SUPPLIED MATERIAL
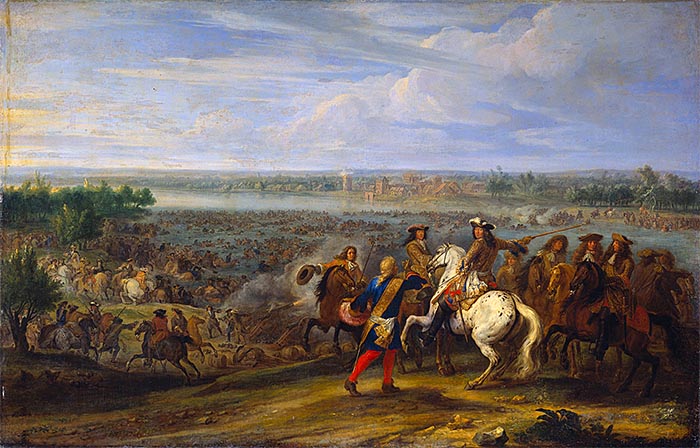Людовик XIV со своей армией преходит Рейн 12 июня 1672 года. Автор: Адам Франс ван дер Мейлен (Adam-Frans van der Meulen) (1632-1690). 1690. 105,7 x 170 см. Холст, масло. Рейксмузеум, Амстердам.
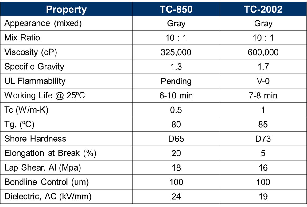 A key to the advancement of high energy-density, lithium-ion, battery packs is effective management of heat generated during charge and discharge cycles. Heat is often managed by connecting battery cells and/or modules to a cooling plate or pack via thermally conductive materials (gap fillers or adhesives). Typically, they are two-component polymeric resins with ceramic fillers. These promote heat conduction by displacing air from not only microscopic surfaces but large gaps as well.
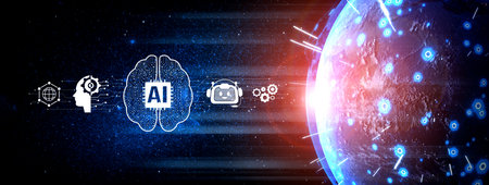 Innovation technology driven by Artificial Intelligence (AI). A concept of future tech development, machine learning, and business process automation. Motif
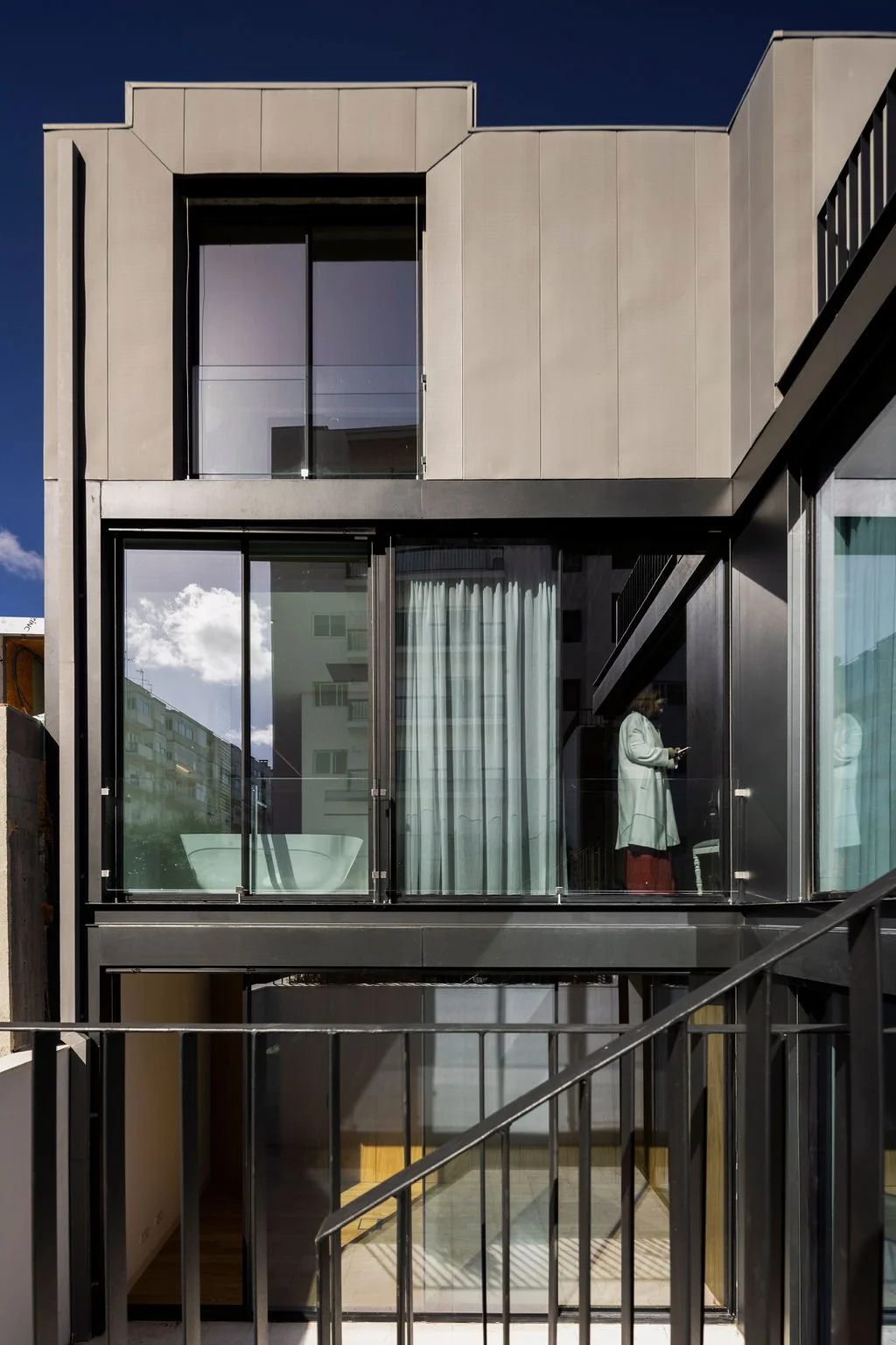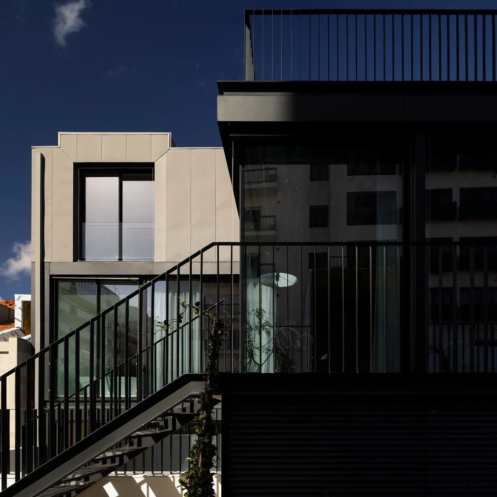 This residential building is the result of the purchase of two adjoining buildings and the submission of projects to the relevant authorities. A basement was developed for parking with seven spaces and three floors of housing with one apartment per floor, ranging in size from 165 to 220 m², all with private outdoor spaces.
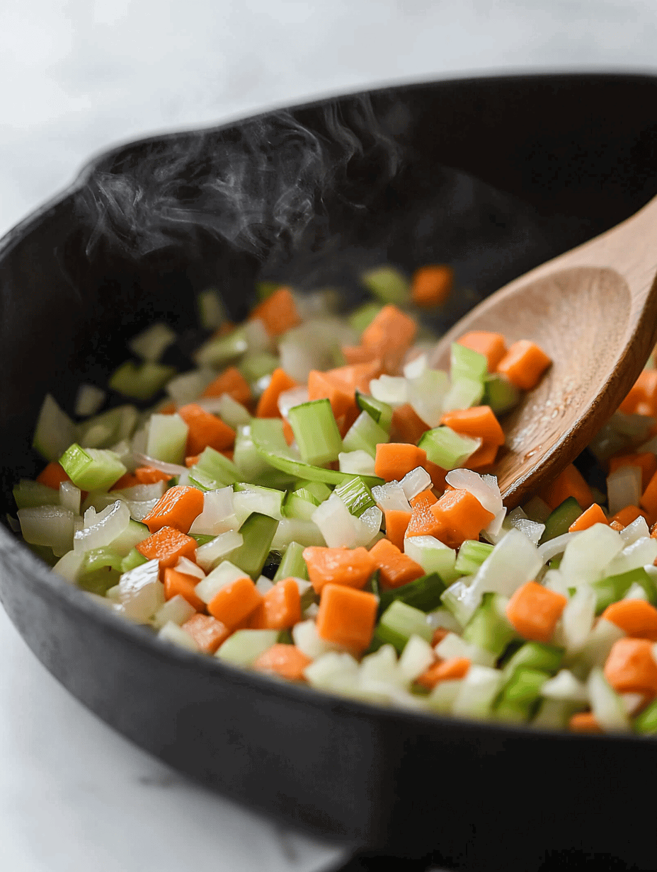 - Add the chopped onion, carrots, and celery to the same skillet and cook for 3-4 minutes, stirring occasionally, until they start to soften and develop some color.
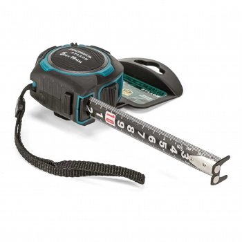 Имеет второй класс точности, обрезиненный корпус, магнит, черно-белую устойчивую измерительную двухстороннюю ленту шириной 19 мм и большой зацеп
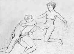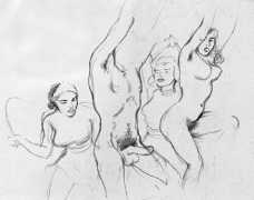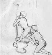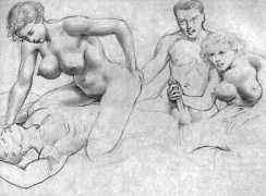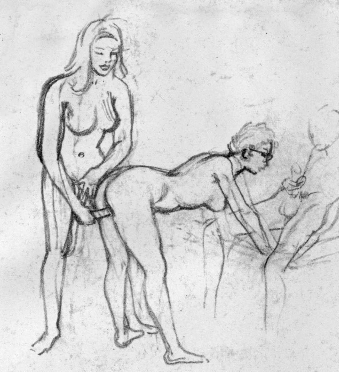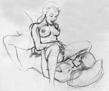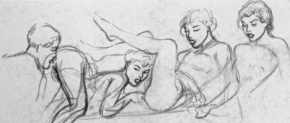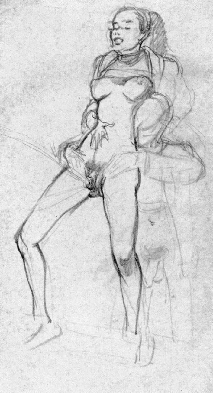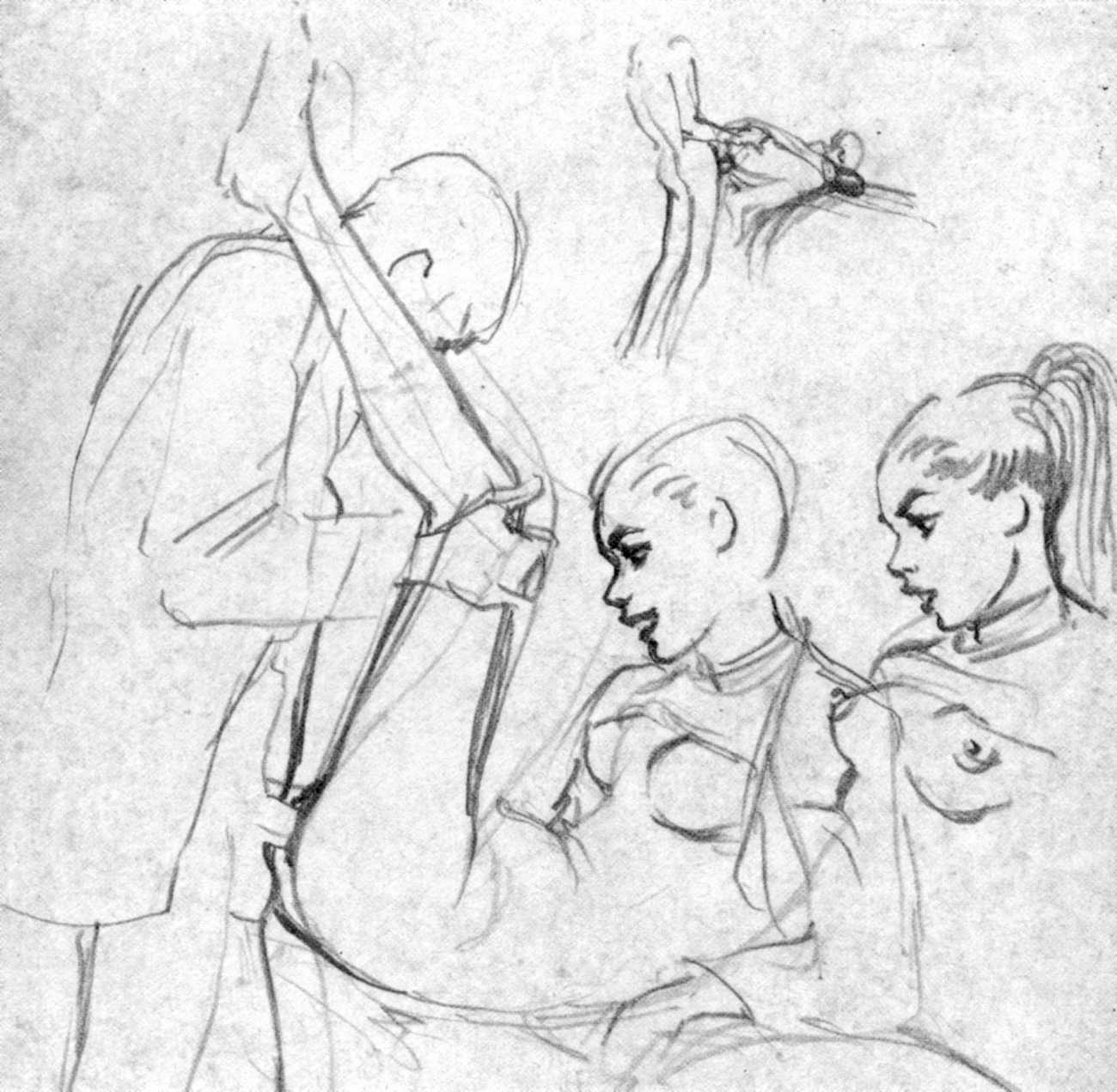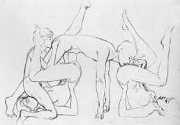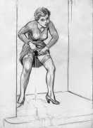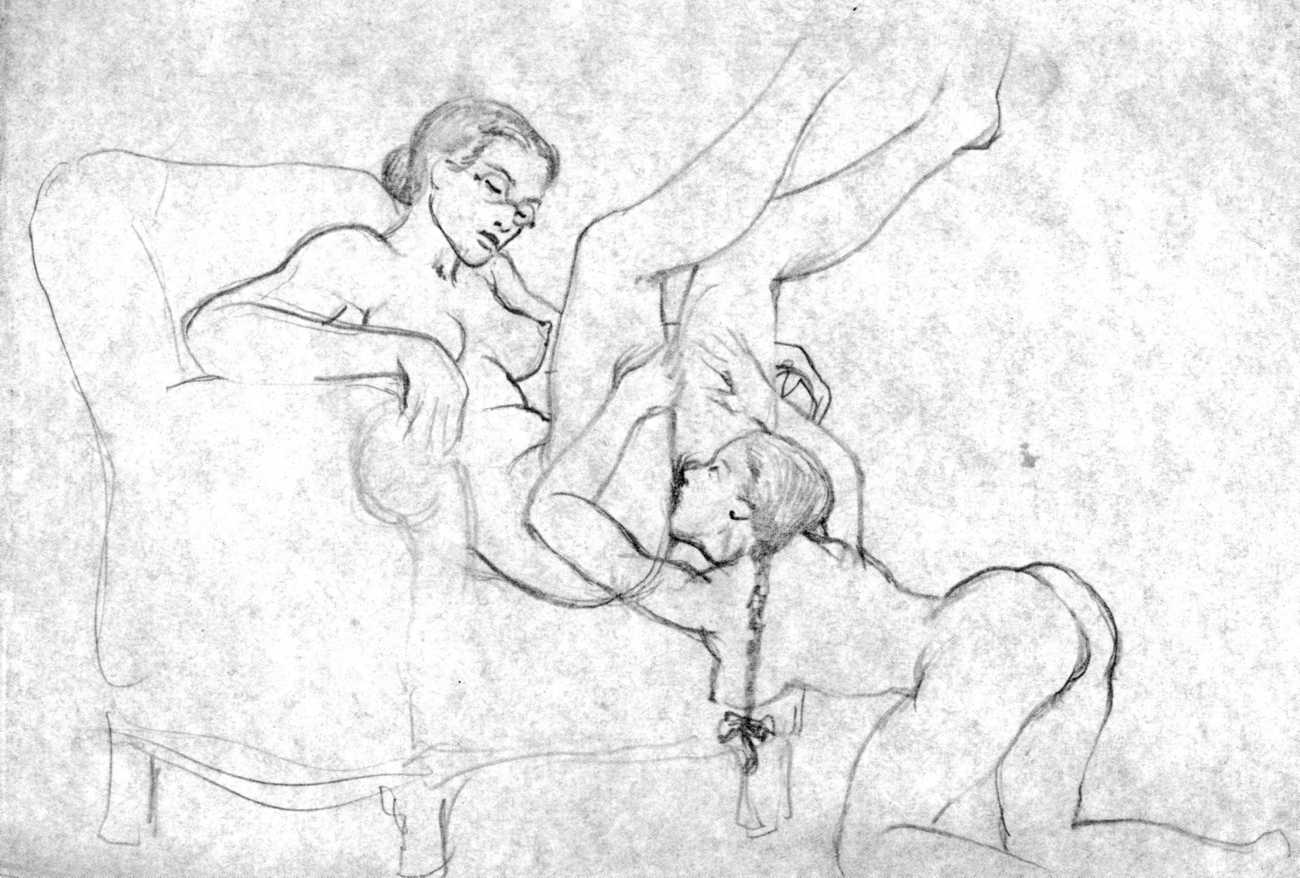 Following the success of The Secret Art of Tom Poulton a year earlier, Jamie Maclean of the Erotic Print Society quickly followed it up with a volume to include what at that time he believed to be the balance of Tom Poulton’s complete work. The second volume, An Artist’s Secret Sketchbook, contains more than 160 previously-unpublished drawings. As Maclean says on the back cover of the book, ‘Here we are given a glimpse of some of the artist’s most uninhibited and spontaneous work. His sketches are not always even in their detail, but always lively in observation and innovative in content.’

EXERCISE GOAL
Beginning with the line above that contains "A key to the" and ending with the line that contains "Innovation technology driven", quote each line exactly, keeping out the pictures.

OUTPUT FOR THIS TASK
 A key to the advancement of high energy-density, lithium-ion, battery packs is effective management of heat generated during charge and discharge cycles. Heat is often managed by connecting battery cells and/or modules to a cooling plate or pack via thermally conductive materials (gap fillers or adhesives). Typically, they are two-component polymeric resins with ceramic fillers. These promote heat conduction by displacing air from not only microscopic surfaces but large gaps as well.
 Innovation technology driven by Artificial Intelligence (AI). A concept of future tech development, machine learning, and business process automation. Motif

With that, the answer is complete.